Los amó hasta el extremo

Antonio Pavía

Prólogo.
Algo más que un gesto…

El texto joánico que narra la acción de Jesús de lavar los pies a sus discípulos (Jn 13,1-20), ha sido objeto de múltiples interpretaciones por parte de no pocos exegetas de la Escritura. Dos de ellas son las que más se han afianzado a lo largo del tiempo. La primera resalta la actitud de humildad y rebajamiento de Jesús, actitud servicial que se señala como uno de los signos distintivos de la comunidad cristiana. La segunda nos impulsa más allá del gesto de Jesús de hacerse el último ante los suyos. Digamos que explora el sentido catequético de la regeneración del hombre, visibilizada en los pies lavados y limpios de sus discípulos.

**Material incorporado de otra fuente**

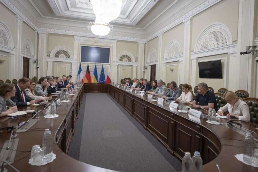Голова Комітету з питань інтеграції України до ЄС Іванна Климпуш-Цинцадзе разом із першим заступником голови Парламенту Олександром Корнієнком та представниками депутатських фракцій і груп взяла участь у зустрічі з представниками “Веймарського трикутника” - державною міністеркою Німеччини у справах Європи Анною-Крістіною Люрман, міністром у справах ЄС Польщі Адамом Шлапкою, а також послом Франції в Україні Гаелем Весьєром.
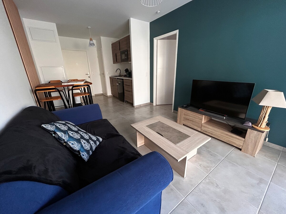 Appartement de 35 m2 à 300 mètres de la plage principale au calme + balcon de 9 m2 exposé Sud + local à vélos. Au pied de l 'océan, des forêts, des pistes cyclabes et des commerces …. Place de parking privée. Chambre séparée du salon par un rideau comprenant 1 lit double. Salon ouvert sur le coin cuisine toute équipée avec un canapé lit, Tv , ventilateur, penderie. WC séparé, salle de bain avec baignoire équipée d'une machine à laver. Balcon avec table et chaises. WIFI inclu

Discutir o disertar acerca de la primacía de una interpretación sobre otra nos situaría casi en el ámbito de lo ridículo. Supondría rebajar la insondable riqueza de la palabra de Dios al campo de la competitividad. Además, hemos de tener en cuenta que los distintos veneros catequéticos de un mismo texto bíblico no son paralelos, sino que se entrelazan y se complementan entre sí.

Dicho esto y dando, por lo tanto, la misma importancia a cada una de las interpretaciones punteras, nos decantamos por sondear la segunda sin prescindir en absoluto de la primera. Para ello partimos de la promesa que Dios hizo llegar a su pueblo santo por medio de Ezequiel: «Os rociaré con agua pura y quedaréis purificados; de todas vuestras impurezas y de todas vuestras idolatrías os purificaré. Y os daré un corazón nuevo…» (Ez 36,25-26).

El profeta hace mención a una purificación del hombre hecha por Dios por medio del agua. Él limpiará su corazón de todas sus manchas y corrupciones. Es una purificación que se lleva a cabo por la fuerza de la Palabra que, como sabemos, se identifica frecuentemente con el agua en la espiritualidad bíblica. Es más, Jeremías llamará a Dios Manantial de aguas vivas (Jer 2,13).

Es el baño de esta agua purificadora el que provoca el cambio del corazón del hombre, el que, con su fuerza, desestabiliza hasta derribar por tierra todo ídolo consentido; esos que nuestras manos, enfermizamente posesivas, han entronizado en nuestro corazón. Con ellos –que fueron nuestros señores– bajo nuestros pies (Sal 110,1), podemos emprender el camino de fe que nos hace llegar hasta la presencia de Dios, allí donde, como dice el salmista, sólo pueden vivir los que tienen limpios manos y corazón.